We’ve seen how this plays out when we deal with certain types of equations inviolving trig functions. Here’s one type that we haven’t yet thought about: trig functions that have stuff trapped inside them.

More concretely, suppose we have a ho-hum trig equation, and we want to solve it for \(\theta\): \[\sin(3\theta) = \frac{\sqrt3}{2}\] It’s kind of like the equation: \[\sin (\theta)= \frac{\sqrt3}{2}\] Except now there’s a \(3\) as well, trapped inside the trig function! Maybe we’re smart, and we think, well, if we had just \(\sin(x)= \frac{\sqrt3}{2}\), then the answer would be \(\pi/3\): \[\sin x= \frac{\sqrt3}{2} \quad\implies\quad x = \frac{\pi}{3}\] Or, ack, I’m going to do this in degrees. I think I’m going to stick with degrees for the rest of these notes—you can make fun of me for doing so (and please do!), but for reasons that will become apparent, I think this story is going to me more lucid if we tell it in degrees rather than radians. Anyway, we have:

\[\sin x= \frac{\sqrt3}{2} \quad\implies\quad x = 60^\circ\] We can figure that out just by thinking about a basic \(30^\circ-60^\circ-90^\circ\) right triangle:

So then if we want to find the sine of THREE times \(x\) (or theta or whatever), then we can just divide \(x\) by three! So then, for \(\sin(3\theta) = \frac{\sqrt3}{2}\), we can just divide \(60^\circ\) by \(3\), and that’s our answer: \[\theta = 20^\circ\] Indeed, that’s ONE of the answers!!! But it’s not all of them. \[\boxed{ \sin(3\theta) = \frac{\sqrt3}{2} \quad\implies\quad \theta = \begin{cases} \displaystyle 20^\circ \\ \\ \text{... and more!} \end{cases} }\] So maybe we can be smarter, and think, well, trig functions repeat every \(360^\circ\), so we can add any multiple of \(360^\circ\). That’ll give us more of the solutions (an infinite number more), but still not all! \[\boxed{ \sin(3\theta) = \frac{\sqrt3}{2} \quad\implies\quad \theta = \begin{cases} 20^\circ + 360k^\circ \quad\text{for }k\in\mathbb{Z} \\ \\ \text{... and more!} \end{cases} }\] Then you might be EVEN SMARTER. You might think, well, there are probably two solutions in a full circle—that’s often how trig works—often, but not always—so we can just divide each of THOSE by three, and add \(360^\circ\), and that’ll get us all the solutions!
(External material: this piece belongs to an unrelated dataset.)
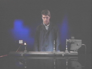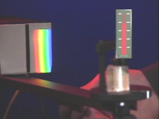 | Light from a carbon arc lamp is split by a prism, and the energy at different wavelengths is displayed on a galvanometer connected to a thermopile. (Disc 23-22, 1 min. 6 sec.) |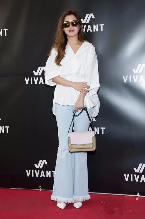 金喜善是真的很不适合穿皮裤呀,明明长裙的时候还是那么优雅迷人,但紧身皮裤完全是把缺点暴露无遗的节奏呢,大象腿的既视感也是着不住了配着黑白色的西装外套更显肩宽,脖子短,整体效果也太尴尬了一点吧。

So let’s see if we can find two sets of solutions here within a single circle? Let’s sketch it visually. Let’s back up, too. Let’s imagine we have some angle “\(3\theta\)”, which has a sine of \(\frac{\sqrt3}{2}\). That corresponds, visually, to a diagram on the unit circle like this:

And that angle \(3\theta\) is really just \(60^\circ\). So if we divide it by \(3\), we get just \(\theta\), or \(20^\circ\):

Of course, if we have some angle \(3\theta\) that has a sine of \(\sqrt{3}/2\), then \(60^\circ\) isn’t the only possibility for \(3\theta\)! There are two points on the unit circle with a \(y\)-coordinate of \(\frac{\sqrt3}{2}\). There’s a point on the left side, too, which corresponds to an angle of \(120^\circ\):

So if we divide that \(3\theta\) by \(3\), we get that \(\theta=40^\circ\)! And that’s a new angle!!!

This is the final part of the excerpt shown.